PROBLEM DESCRIPTION
In your copy, include every record exactly and no pictures.

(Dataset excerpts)
--------------------------------------------------

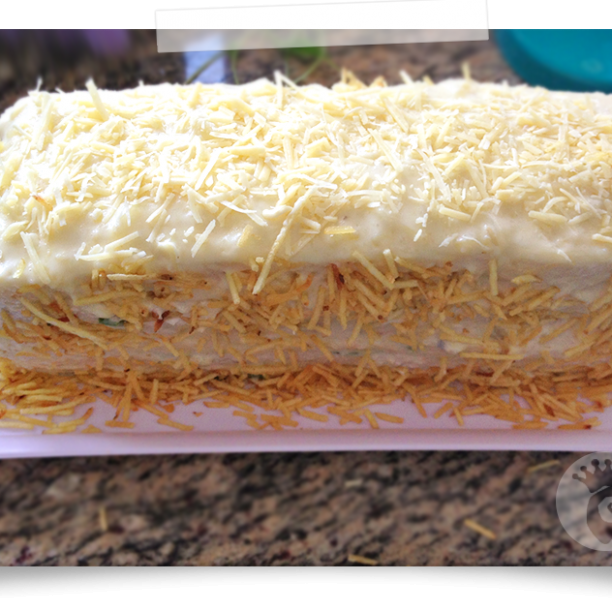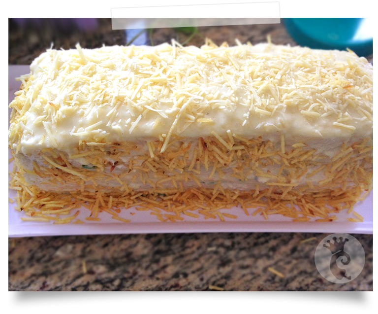 Para a cobertura faça um purê de batata com duas conchas do creme juntamente com a margarina, cubra toda a torta e salpique a batata palha para cobrir em cima e dos lados
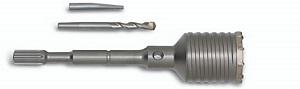 Heavy wall core bits are machined from a single piece of forged steel for long life and are designed for use with Spline or SDS-Max rotary hammers. The top or head of the bit is crowned to direct the hammering energy through the outside wall and into the cutting teeth. The carbide cutting tips are made with a slighty negative cutting angle on the face to allow them to be used in the rotary hammering mode. To provide optimum drilling, the carbide tips or teeth are inserted at irregular intervals in the core to minimize vibration and one piece and two piece core bits are offered. One piece bits have a shank which is friction welded to the forged core body provide the most efficient drilling. Two piece bits have rope threads machined to tight tolerances to minimize energy loss at the connection. As with all adapters, there is normally a 10 to 15% loss of hammering energy with a two piece system.
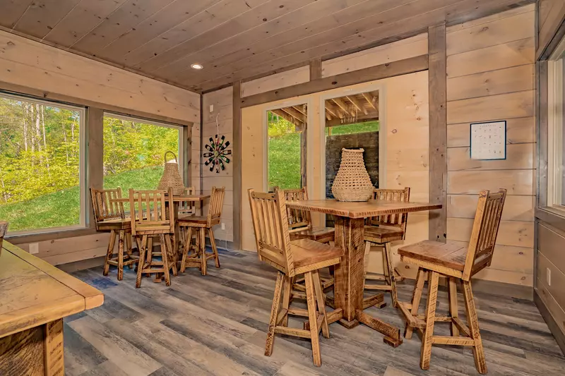 Step outside to the deck and you will find an outdoor dining area with a gas grill, as well as a fire pit if you just want to relax and take in the incredible mountain air! Need more excitement? Head on over to your very own personal basketball court and let your inner NBA MVP shine.
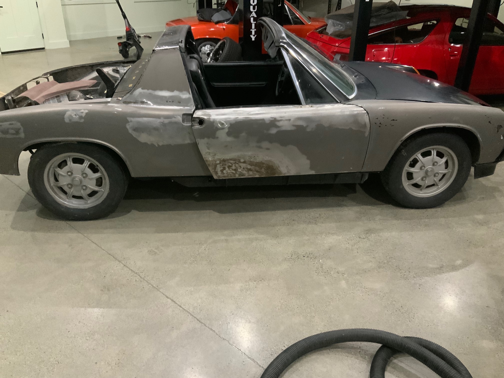 Did the car on the lift shuffle today. Sons 944 came off and was awakened from winter slumber. 914 is on the lift. Gotta finish body work over the next week and respray driver side. Then EFI setup with the computer. Getting close
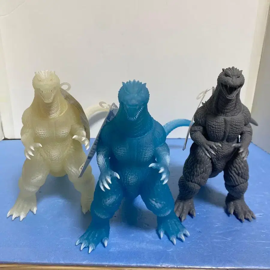 무비 몬스터 시리즈 고질라 2005 한정판 3개 세트 [ 파이널 워 고질라 ] 사이즈: 전체 높이 약 23cm 클리어 블루 (극장 한정판) 클리어 화이트 (이토요카도 한정판) 무광택 그레이 (HMV 한정판) 상품은 미사용 새상품입니다. 당시 구매 후 어두운 곳에 보관했던 것으로 눈에 띄는 흠집이나 색바램도 없습니다. 발송 시 꼬리를 분리하여 보내드립니다. 꼬리를 다시 끼울 때 뻑뻑하여 잘 들어가지 않는 경우, 살짝 따뜻하게 데워서 끼우면 잘 들어갑니다.
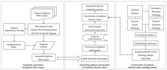 Taking these into consideration the present study proposes a method of constructing a typhoon disaster chain based on Web corpus. Adopting an appropriate structure, this research first constructs a Typhoon Disaster Chain Ontology Model (TDCOM) based on the theory of natural disaster systems. A formalized expression of the typhoon disaster chain is formed by establishing the concepts, properties, and relationships between elements of typhoon disasters. Then, NLP technology is adapted to extract disaster information from massive Web corpus, so as to construct the typhoon disaster chain through data fusion and structured expression. The results show that this method can be used to excavate the incident chain of typical typhoon disasters which can effectively sort out the spatio-temporal variation of typhoon disasters as well as the relevant human social activities. The technique flowchart of this research is shown in Figure 1.
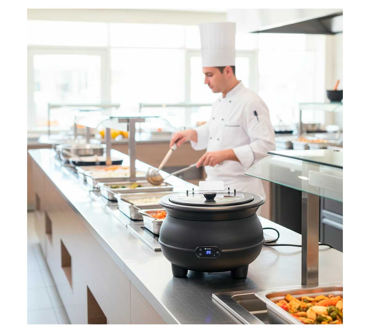 Este hervidor de sopa eléctrica está especialmente indicado para buffets, comedores de autoservicio, eventos y cualquier entorno donde se requiera mantener sopas, cremas o caldos a la temperatura óptima durante largos periodos, garantizando tanto la seguridad alimentaria como el confort del servicio.
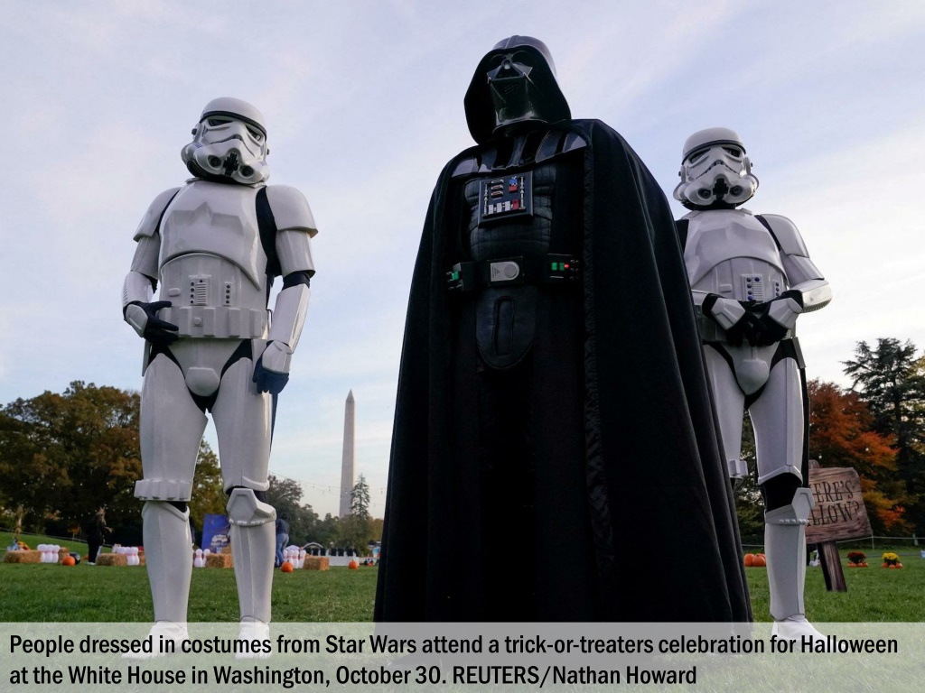 People dressed in costumes from Star Wars attend a trick-or-treaters celebration for Halloween at the White House in Washington, October 30. REUTERS/Nathan Howard

--------------------------------------------------

ANSWER BOX
 Para a cobertura faça um purê de batata com duas conchas do creme juntamente com a margarina, cubra toda a torta e salpique a batata palha para cobrir em cima e dos lados
 Heavy wall core bits are machined from a single piece of forged steel for long life and are designed for use with Spline or SDS-Max rotary hammers. The top or head of the bit is crowned to direct the hammering energy through the outside wall and into the cutting teeth. The carbide cutting tips are made with a slighty negative cutting angle on the face to allow them to be used in the rotary hammering mode. To provide optimum drilling, the carbide tips or teeth are inserted at irregular intervals in the core to minimize vibration and one piece and two piece core bits are offered. One piece bits have a shank which is friction welded to the forged core body provide the most efficient drilling. Two piece bits have rope threads machined to tight tolerances to minimize energy loss at the connection. As with all adapters, there is normally a 10 to 15% loss of hammering energy with a two piece system.
 Step outside to the deck and you will find an outdoor dining area with a gas grill, as well as a fire pit if you just want to relax and take in the incredible mountain air! Need more excitement? Head on over to your very own personal basketball court and let your inner NBA MVP shine.
 Did the car on the lift shuffle today. Sons 944 came off and was awakened from winter slumber. 914 is on the lift. Gotta finish body work over the next week and respray driver side. Then EFI setup with the computer. Getting close
 무비 몬스터 시리즈 고질라 2005 한정판 3개 세트 [ 파이널 워 고질라 ] 사이즈: 전체 높이 약 23cm 클리어 블루 (극장 한정판) 클리어 화이트 (이토요카도 한정판) 무광택 그레이 (HMV 한정판) 상품은 미사용 새상품입니다. 당시 구매 후 어두운 곳에 보관했던 것으로 눈에 띄는 흠집이나 색바램도 없습니다. 발송 시 꼬리를 분리하여 보내드립니다. 꼬리를 다시 끼울 때 뻑뻑하여 잘 들어가지 않는 경우, 살짝 따뜻하게 데워서 끼우면 잘 들어갑니다.
 Taking these into consideration the present study proposes a method of constructing a typhoon disaster chain based on Web corpus. Adopting an appropriate structure, this research first constructs a Typhoon Disaster Chain Ontology Model (TDCOM) based on the theory of natural disaster systems. A formalized expression of the typhoon disaster chain is formed by establishing the concepts, properties, and relationships between elements of typhoon disasters. Then, NLP technology is adapted to extract disaster information from massive Web corpus, so as to construct the typhoon disaster chain through data fusion and structured expression. The results show that this method can be used to excavate the incident chain of typical typhoon disasters which can effectively sort out the spatio-temporal variation of typhoon disasters as well as the relevant human social activities. The technique flowchart of this research is shown in Figure 1.
 Este hervidor de sopa eléctrica está especialmente indicado para buffets, comedores de autoservicio, eventos y cualquier entorno donde se requiera mantener sopas, cremas o caldos a la temperatura óptima durante largos periodos, garantizando tanto la seguridad alimentaria como el confort del servicio.
 People dressed in costumes from Star Wars attend a trick-or-treaters celebration for Halloween at the White House in Washington, October 30. REUTERS/Nathan Howard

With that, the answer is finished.